All UK adults will be offered a first vaccine against COVID-19 by the end of July, Prime Minister Boris Johnson said on Saturday ahead of a planned announcement on the cautious reopening of the economy after the lockdown.
Prime Minister Johnson will set a roadmap on Monday to facilitate England’s third national lockdown, after meeting the target of vaccinating 15 million Britons from high-risk categories by mid-February.
Britain is now aiming to give a first dose to everyone over 50 by April 15, the government said, after indicating it wanted them to receive the vaccine by May.
If all adults receive a dose by the end of July, it will be well ahead of a previous goal that they would receive a vaccine by the fall.

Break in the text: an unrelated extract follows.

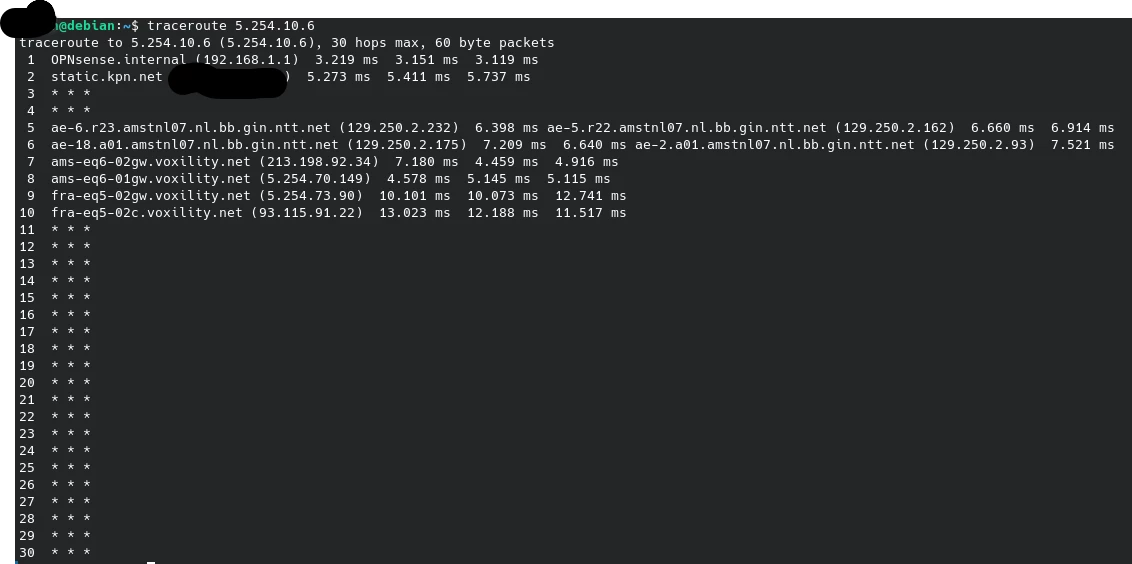 Dit is een tracerout (Linux) van mij naar het eindadres 5.254.10.6.

After suffering the fifth worst official death from COVID-19 in the world and a series of misadventures in its response to the pandemic, Johnson’s government has moved faster than much of the West to secure the vaccine supply , which gave it a head start.

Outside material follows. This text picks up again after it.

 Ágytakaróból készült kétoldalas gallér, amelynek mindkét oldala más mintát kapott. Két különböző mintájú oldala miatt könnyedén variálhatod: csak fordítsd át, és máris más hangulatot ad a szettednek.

PM Johnson warned there was a need to avoid complacency, adding that the lock would only be lifted slowly.
“We will now aim to deliver a shot to every adult by the end of July, helping the most vulnerable sooner, and take further steps to ease some of the restrictions in place,” Prime Minister Johnson said in a statement. .

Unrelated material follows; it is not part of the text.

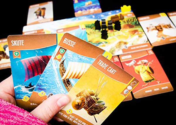 Shipwrights of the North Sea is set in the early years of the Viking Age, circa 900 AD. As Viking shipwrights, players compete to build the greatest fleet on the North Sea. Players must collect oak, wool and iron, as well as getting other craftsmen on board to help. Gold is a precious commodity, and must be spent wisely. As you would expect, the township is filled with an array of characters, bad and worse. Better hope they’re on your side!
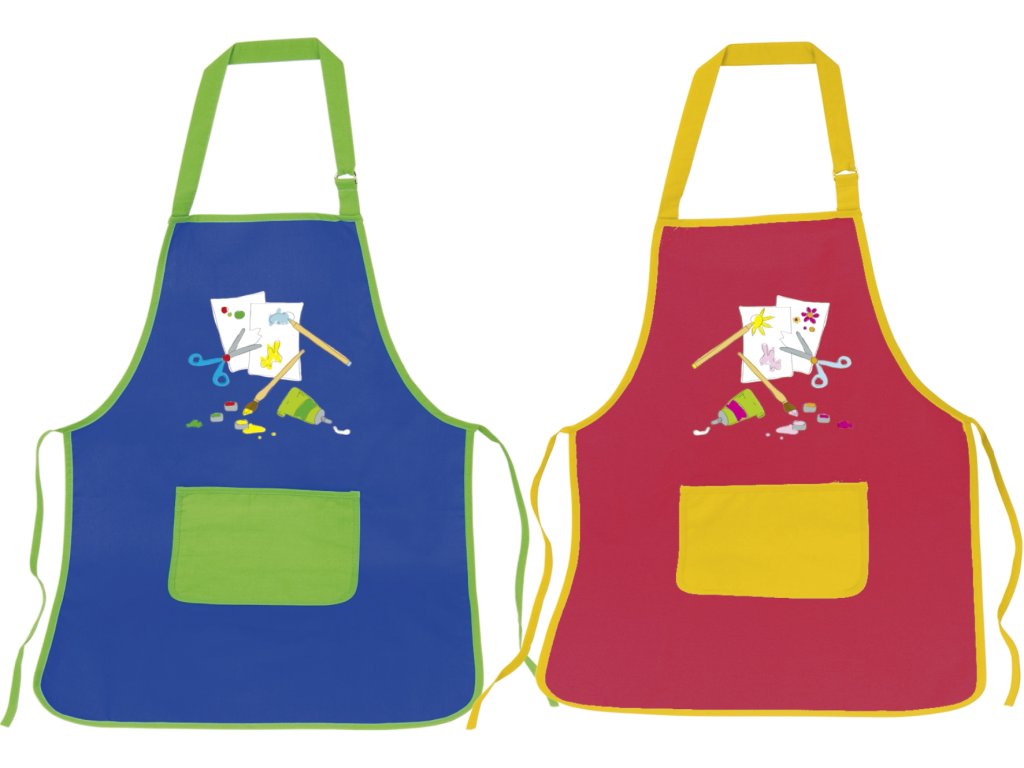 Dětská zástěrka 50x75cm - 2 barevné kombinace - Červená/žlutá nebo modrá/zelená (barevnou kombinaci si můžete vybrat a napsat do poznámky na objednávce) - 100 procentní bavlna - Velká našitá kapsa - Nastavitelný popruh u krku - Školní potřeby - Malování a děti - Výtvarné pomůcky - Škola výbavaDoplňkové parametry

“But there should be no doubt – the path out of lockdown will be careful and gradual, as we all continue to protect ourselves and those around us.”
So far, the UK has given a first dose of vaccine to 17.2 million people, more than a quarter of its 67 million people and behind only Israel and the United Arab Emirates in per capita vaccines.
Two vaccines – one made by Pfizer and BioNTech, and the other developed by the University of Oxford and AstraZeneca – are being rolled out, and UK officials have indicated there may be a 12-week gap between doses.